It is not clear if the results could be affected by this bug.
#1 Updated by Berk Hess over 4 years ago
- Status changed from New to Closed
There is no bug here.
(Un)fortunately we made the non-bondeds on the GPU so fast, that with SD we spend more time in the integration and constraints. The absolute time differences between md and sd should be similar with group and verlet, although settle in verlet is slightly slower because no charge groups are used,
You can switch to the sd1 integrator, if that's accurate enough for you. That's about as fast as md.
#2 Updated by Berk Hess over 4 years ago
PS note that mdp_opt.html says at SD:
An accurate leap-frog stochastic dynamics integrator.
Four Gaussian random number are required
per integration step per degree of freedom. With constraints,
coordinates needs to be constrained twice per integration step.
Depending on the computational cost of the force calculation,
this can take a significant part of the simulation time.

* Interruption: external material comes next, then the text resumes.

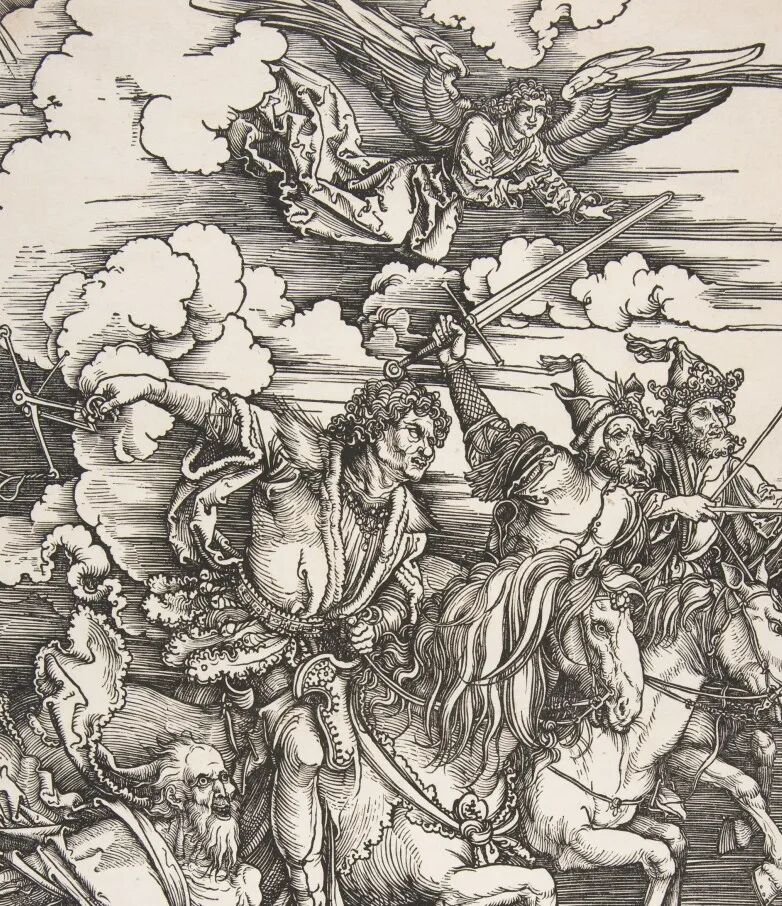 1498年,丟勒出版了《啟示錄》這部在藝術史上具有重大意義的插圖書。《啟示錄》共有木刻版畫插圖15幅,耗時3年完成,作品人物造型準確多樣,畫麵線條充滿了張力,讓觀者感受到自由的氣息。丟勒將木刻版畫技巧運用到空前成熟的程度,《啟示錄》的刊行也讓他在當時聲名鵲起。

And gives the sd1 suggestion as well.
#3 Updated by Floris Buelens over 4 years ago
thanks for the reply - I'm not convinced that explains the numbers though. Ignoring the GPU for now, here are some more timings using '-nb cpu' only:
ns/day | Update walltime (s) | Rest walltime (s)
Group cutoff scheme:
md: 11.6 | 2.03 | 0.34
sd: 10.9 | 3.95 | 3.42
sd1: 11.7 | 2.25 | 0.33
Verlet cutoff scheme:
md: 9.4 | 2.30 | 1.31
sd: 6.2 | 27.53 | 22.12
sd1: 7.9 | 19.12 | 1.33
... so with the group scheme, Update takes ca. 2x longer when you switch from md to sd
while with the verlet scheme, Update takes ca. 12x longer when you switch from md to sd
Again without GPU, switching from md to sd costs me 6% with the group scheme, and 34% with verlet.
sd1 is indeed about as fast as md with the group scheme, with verlet the hit is still significant (16%). On GPU, my sd1 timing is 18.3 ns/day, against 11 ns/day for sd and 29.8 ns/day for md, so still 38% slower than md.
#4 Updated by Berk Hess over 4 years ago
- Status changed from Closed to In Progress
You're right, I overlooked the rest time.
I see now that the SD (and BD) update is not OpenMP threaded.
A (my) comment in the code says we need to find a way to generate random seeds for different threads.
I'll think of one.